Reunion 2013 State of the University Address
by David J. Skorton, President
As prepared for delivery
Saturday, June 8, 2013
Thank you, Olivia (Moore) and John (Rhee), and welcome everyone to Reunion 2013. Whether you’ve celebrating your 5th reunion or your 75th; or you’re in the Class of 2012, celebrating Reunion One like Olivia and John; or in the Class of 2013, celebrating “Reunion Zero”; whether you arrived by foot, bicycle, skateboard, kayak, car, plane or the special Reunion Bus from New York City; whether you are connecting again with your undergraduate class or a professional school or a graduate program—or a special interest alumni association—or the continuous reunion group; whether you’re in Ithaca or watching the live-stream of reunion events in another part of the world, we are delighted that you are with us on this glorious weekend. The Cornell Alumni website says, “Then. Now. Always. Cornell,” to which I’d add, “Here. There. Everywhere. Cornell.”
What is it that makes Cornell so unforgettable to those who have spent time on the Hill? As I’ve listened to so many of you this weekend—and at events on and off campus during the past seven years—it is clear that Cornell’s magic is some combination of outstanding faculty, extraordinary students, talented staff, wonderful facilities, the culture and ambience of Ithaca, and opportunities to grow as human beings through so many varied activities inside and outside the classroom and lab—from the more than a thousand registered student organizations (1017 of them this past year!), to athletics, to volunteerism for public service. It is wonderful to have you back here again to experience that magic.
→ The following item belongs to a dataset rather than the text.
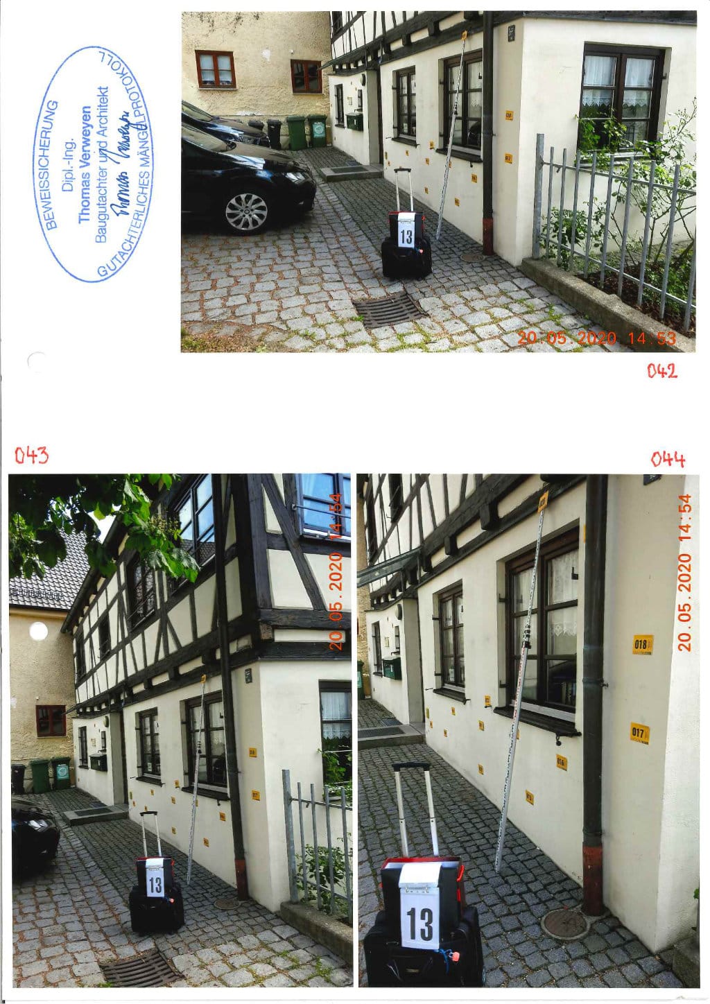 Pos. 2.02: Die Beweissicherung ist eine sehr genaue Auseinandersetzung mit dem Objekt und seiner Mängellast. Ziel ist es, nicht nur den Mangel zu erfassen, sondern auch seine wichtige Ursache aufzuspüren. Mit dem Ursachenwissen und meiner Erfahrung bei der Sanierungsvorgehensweise, lassen sich (im schriftlichen Gutachten, siehe Pos. 2.04) die notwendigen Sanierungskosten viel zutreffender nachweisen. Der beweissichernde Faktor wird hier erreicht durch:

What is the state of our university? By virtually all measures, our university today is very strong. Our students achieve impressive things in and out of the classroom—including this year two Rhodes Scholarships and a record 28 Fulbright U.S. Student Program awards to conduct research or teach abroad in 2013-14. The men’s Big Red lacrosse team earned a place last month in the NCAA final four championship, and Big Red wrestler Kyle Dake ’13 was named the inaugural Sports Illustrated male College Athlete of the Year. We received a record 40,000 applications for slightly less than 3,200 places in the Class of 2017—an increase of 96% since 2003—and our admit rate was just over 15 percent, even more selective than last year.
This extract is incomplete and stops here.